Il discorso della scuola è invece una semplice proiezione del proprio modo di vedere la vita, le relazioni, il lavoro, il successo e la necessità di benessere. Ma è il proprio, non è quello dei figli.
È naturale dare il meglio possibile ai figli e anche sognare in grande, ma il possibile è il senso di realtà e i sogni devono essere i loro.

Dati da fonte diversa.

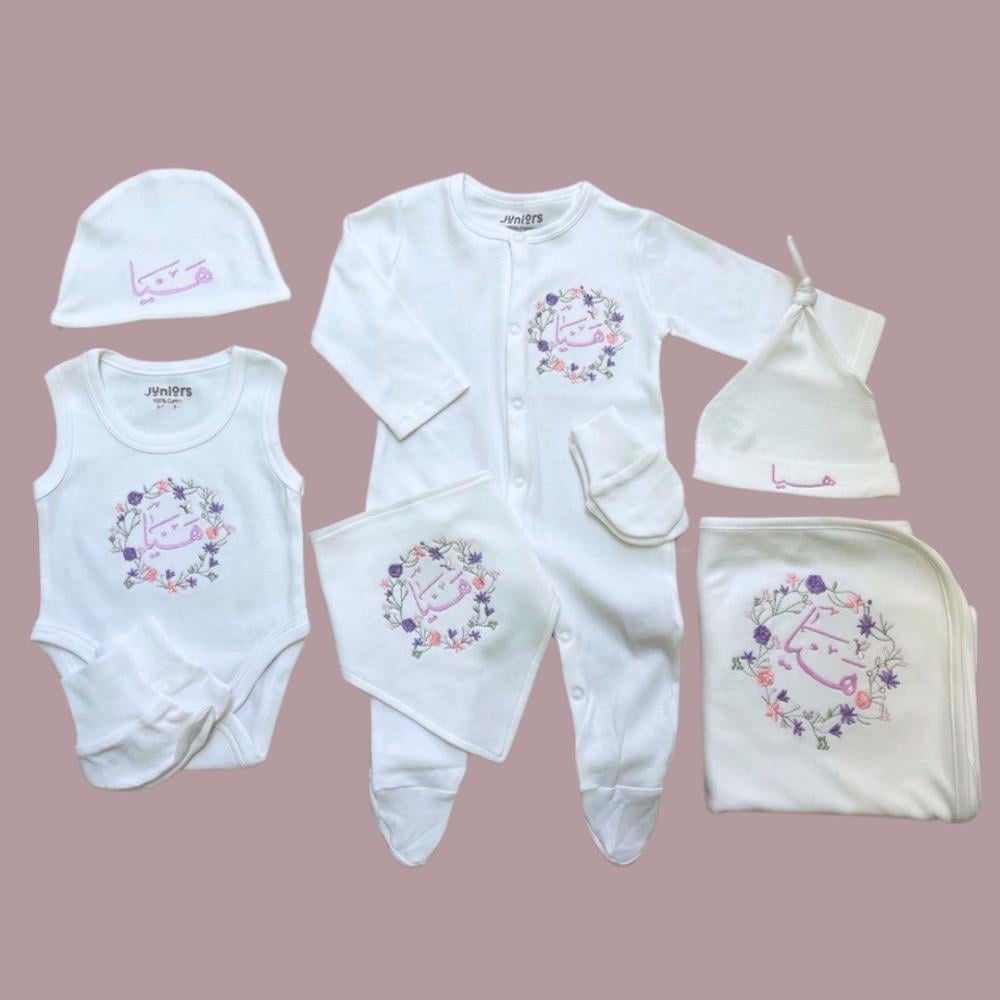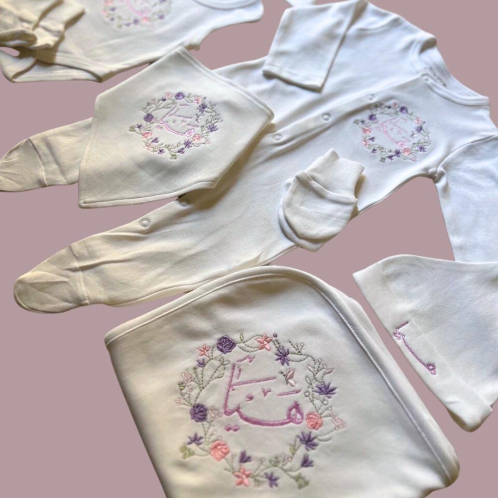 كل قطعة في الطقم مصنوعة من أجود أنواع القطن الناعم والمناسب لبشرة حديثي الولادة. تصميمه العملي والأنيق يجعله خيارًا مثاليًا للهدايا أو لاستقبال مولودتك بأناقة ورعاية مثالية.
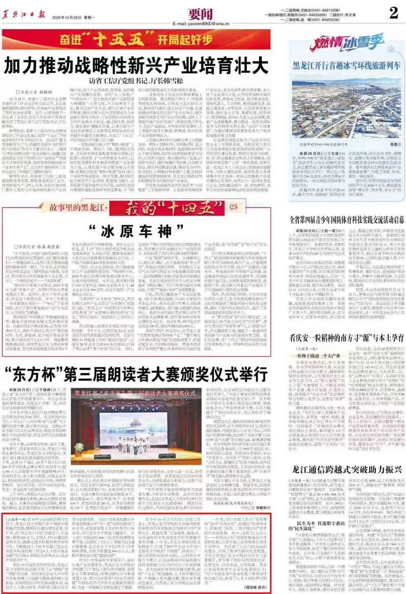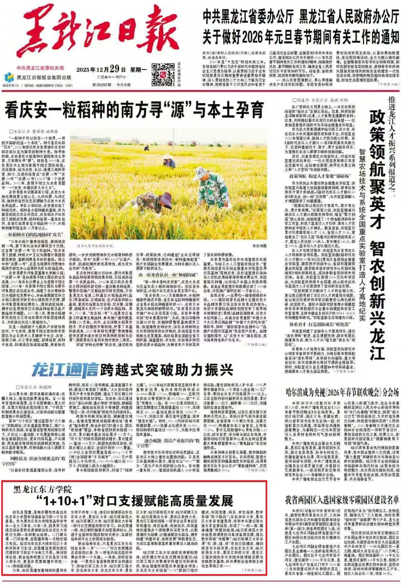 黑龙江日报头版:黑龙江东方学院 “1+10+1”对口支援赋能高质量发展
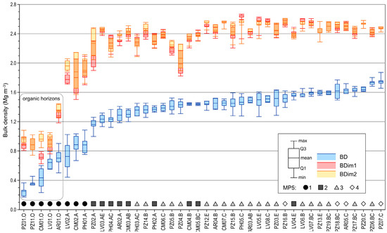 The bulk density measured using the soil cores (BD) and the bulk density calculated from the image analysis (BDim1 and BDim2) are presented in Figure 4. BD ranged from 0.249 to 1.747 Mg m−3. The bulk densities by image analysis were always higher than the bulk density measured in the core samples. Namely, BDim1 ranged from 0.711 to 2.596 Mg m−3 and BDim2 from 0.833 to 2.560 Mg m−3. Organic horizons had the lowest BD, BDim1 and BDim2. The bulk densities by image analysis showed a similar trend to the bulk density by core samples. In addition, the classes of quantity of pores ≥5 mm (MP5) were marked in the graph. As expected, the samples with the highest content of large pores had the lowest bulk densities.
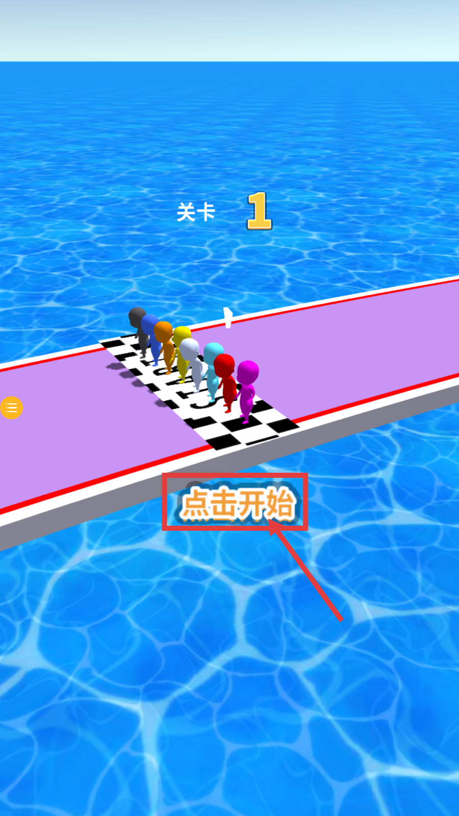 1、关卡1开局点击【点击开始】,启动角色群竞赛,开启海上跑道挑战。
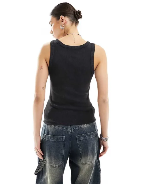 Calvin Klein Jeans Archival Monologo Rib Tank In Black For Women Ck Black

Ho visto una intervista a Giorgia in cui diceva che a lei piaceva cantare e le andava benissimo poterlo fare nei locali, non si sognava di diventare...Giorgia. E la Pausini non smette di considerarsi una miracolata. Mica cantavano con l’idea di diventare star. Mi viene da pensare ai genitori di bambini che giocano a calcio che occupano tutti i fine settimana a portarli in giro per tornei fin dalle elementari non per farli divertire, ma con l’idea che diventeranno la soluzione economica della famiglia, meglio di vincere al Superenalotto. Ma il figlio vuole giocare e basta. Certo sogna la nazionale, ma sa che è un sogno come sogna di fare l’astronauta o Jig Robot. I bambini vanno lasciati giocare i loro giochi e sognare i loro sogni. È come se io fossi stata mandata all’accademia militare perché a dieci anni giocavo alla guerra. I figli devono costruire la loro vita, non costituire la realizzazione della vita sognata dai genitori.